The authors introduce a hybrid technique that combines the strengths of both bases. First, a VB basis is constructed to represent all possible singlet pairings of electrons, thereby encoding the full SU(2) spin algebra. Second, each VB configuration is further resolved into components with a definite S_z value, producing a product basis that is simultaneously an eigenbasis of the total spin projection and a convenient platform for applying point‑group operations. By employing projection operators derived from the character table of the relevant point group, the product basis is decomposed into irreducible representations (irreps). This decomposition block‑diagonalizes the Hamiltonian: each block corresponds to a specific irrep and a fixed S_z sector, dramatically reducing the dimensionality of the matrices that must be diagonalized.

The method is completely general. It requires only the character table of the point group and the ability to generate VB configurations for the chosen electron count and lattice connectivity. The algorithm proceeds as follows: (i) enumerate all VB coverings for the given electron number; (ii) for each covering, generate all S_z‑compatible spin configurations; (iii) apply the projection operators to sort the resulting states into symmetry sectors; (iv) construct the Hamiltonian matrix within each sector using standard second‑quantized operators; and (v) diagonalize each block with Lanczos or Davidson iterative solvers.
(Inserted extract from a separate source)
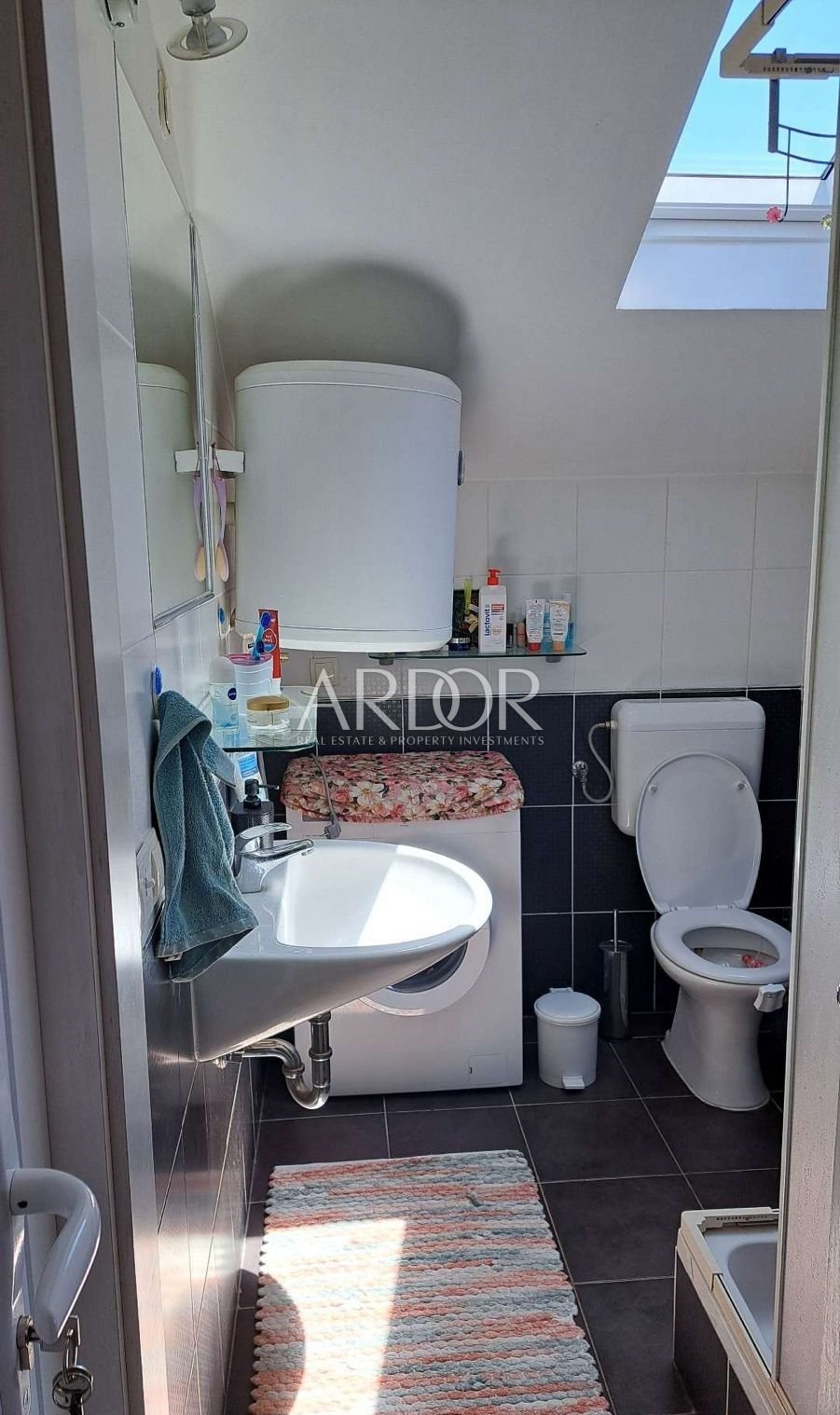 On the island of Pag, in the town of Novalja, an apartment is for sale located in the high attic of a residential building (3rd floor), with a total usable area of 50.11 m².

Because the symmetry reduction often lowers the largest block size from millions of basis functions to a few thousand, the approach is computationally tractable on modern workstations and scales well to parallel architectures.
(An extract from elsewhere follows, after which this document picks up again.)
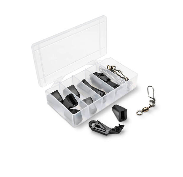 The Line Terminator Kit comes with all the components for up to six (6) complete line terminators inside a plastic tackle box. Built rugged to withstand loads of abuse, these line terminators are essential for attaching the downrigger cable to trolling weights. The line terminator kit includes six (6) durable plastic Cannon terminators, six (6) stainless steel snap swivels and six (6) cushion sleeve terminators.
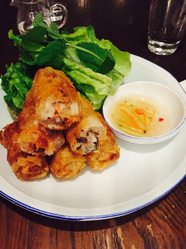 越南春卷-有別於中式/泰式春卷, 佢既皮係用米紙炸成既, 裡面有檬粉豬肉馬蹄等等, 夾埋生菜再點少少"碌淋"汁, 又脆又煙軔, 會食上癮

To demonstrate the power of the technique, the authors apply it to a half‑filled electronic model on an icosahedral cluster, the largest non‑Abelian point group (I_h) encountered in molecular systems. The model contains 30 electrons on 60 sites (the half‑filled case of a C_60‑like lattice) and thus has a full Hilbert space dimension of 1,778,966. Using the hybrid VB‑S_z symmetry adaptation, the Hamiltonian is split into blocks whose maximal dimension is on the order of 10^3, allowing a complete exact diagonalization. The resulting spectrum reveals the distribution of low‑lying excited states among the various I_h irreps (A_g, T_1u, H_g, etc.), providing symmetry‑resolved insight that aligns with experimental optical and magnetic data for buckminsterfullerene. Moreover, the method yields the full set of eigenvectors, enabling the calculation of transition dipole moments, spin‑spin correlation functions, and thermodynamic quantities such as specific heat and magnetic susceptibility via the partition function.
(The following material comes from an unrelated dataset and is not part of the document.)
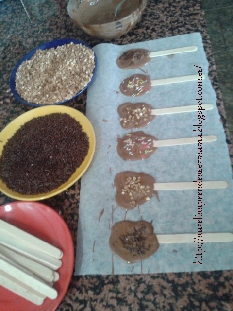 Lo ideal hubieran sido palitos de brochetas que son mas largos pero como entenderéis no me iba a arriesgar a que se saquen un ojo.

Beyond the specific icosahedral example, the authors argue that the technique is applicable to any finite system with arbitrary point‑group symmetry, including transition‑metal clusters, magnetic molecules, and crystalline fragments with defects. Because the approach retains the exactness of ED while drastically reducing the computational burden, it opens the door to finite‑temperature studies of strongly correlated electrons that were previously out of reach. The paper concludes with suggestions for future work: automated symmetry detection for arbitrary geometries, integration with tensor‑network representations to push the size limit further, and exploitation of modern GPU‑accelerated linear‑algebra libraries to accelerate the block diagonalization step.

In summary, this work delivers a practical, general, and highly efficient framework for fully exploiting both spin and spatial symmetries in non‑Abelian electronic Hamiltonians. By marrying the valence‑bond description of spin correlations with a constant‑S_z basis and rigorous group‑theoretical projection, the authors achieve a complete symmetry‑adapted exact diagonalization that can handle Hilbert spaces of nearly two million dimensions. The successful application to an icosahedral half‑filled model not only validates the method but also provides new, symmetry‑resolved insights into the electronic structure of C_60 and related fullerene systems, while laying a solid foundation for future finite‑temperature and dynamical studies of strongly correlated materials.